Question: Encounter notes indicate that the ED physician treated a patient with severe neck pain. Final diagnosis was a fracture of the first cervical vertebra. How should I report this encounter?
New Jersey Subscriber
Answer: You’ll start at S12.0- (Fracture of cervical vertebra and other parts of neck) — but that’s not where you’ll finish.
Go back and check the notes for the following information on the patient’s injury:
- What type of fracture did the surgeon treat? Open, closed, displaced, nondisplaced, stable burst, unstable burst. etc.
- What treatment stage was the encounter for?
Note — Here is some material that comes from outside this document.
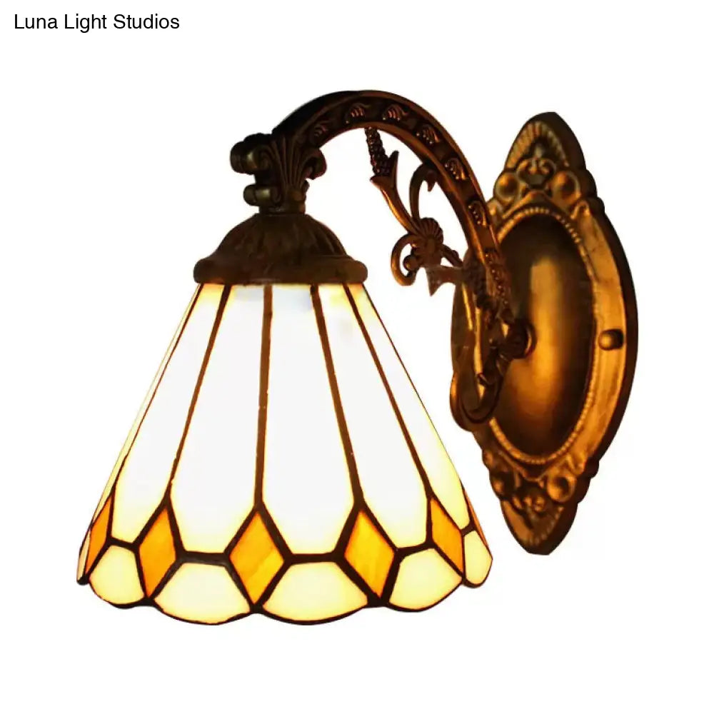 Aplique de pared cónico pequeño con pantalla festoneada, lámpara de pared Tiffany de cristal artístico en latón

Initial, subsequent, sequala, etc.
Then, you’ll choose one of the following codes, depending on the answers to the questions above:
- S12.000- (Unspecified displaced fracture of first cervical vertebra)
- S12.001- (Unspecified nondisplaced fracture of first cervical vertebra)
- S12.01X- (Stable burst fracture of first cervical vertebra)
- S12.02X- (Unstable burst fracture of first cervical vertebra)
- S12.030- (Displaced posterior arch fracture of first cervical vertebra)
- S12.031- (Nondisplaced posterior arch fracture of first cervical vertebra)
- S12.040- (Displaced lateral mass fracture of first cervical vertebra)
- S12.041- (Nondisplaced lateral mass fracture of first cervical vertebra)
- S12.090- (Other displaced fracture of first cervical vertebra)
- S12.091- (Other nondisplaced fracture of first cervical vertebra)
1 more thing: No matter your ultimate code choice, report A (initial encounter for closed fracture) as the 7th character to complete the diagnosis.